§ **Work required**:
Omit every picture and return the rest of the data unaltered.

§ **Dataset content**:

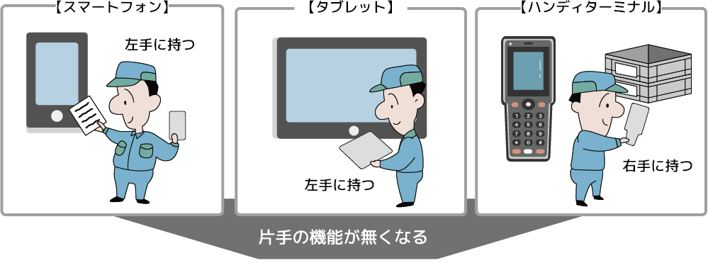ハンディターミナルでは読み取り作業と製造・物流作業を同時に行うことが難しい。
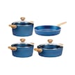 Febern Premium Bio Granit Alüminyum Döküm Nisch Tencere Seti Klasik Mavi-açık Ahşap Kulp
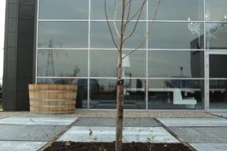 Groenpartners vervulde met het ontwerp en de realisatie van de bedrijfstuin de wens voor een unieke tuin die de moderne en professionele aard van het bedrijf uitstraalt én aansluit bij de architectuur van het moderne bedrijfspand. Branding Office Furniture is gehuisvest in een modern pand en voorziet de bedrijfswereld van exclusieve en hoogwaardige kantoor inrichting en kantoormeubelen met een uitgesproken design.

§ **Your response**:
ハンディターミナルでは読み取り作業と製造・物流作業を同時に行うことが難しい。
 Febern Premium Bio Granit Alüminyum Döküm Nisch Tencere Seti Klasik Mavi-açık Ahşap Kulp
 Groenpartners vervulde met het ontwerp en de realisatie van de bedrijfstuin de wens voor een unieke tuin die de moderne en professionele aard van het bedrijf uitstraalt én aansluit bij de architectuur van het moderne bedrijfspand. Branding Office Furniture is gehuisvest in een modern pand en voorziet de bedrijfswereld van exclusieve en hoogwaardige kantoor inrichting en kantoormeubelen met een uitgesproken design.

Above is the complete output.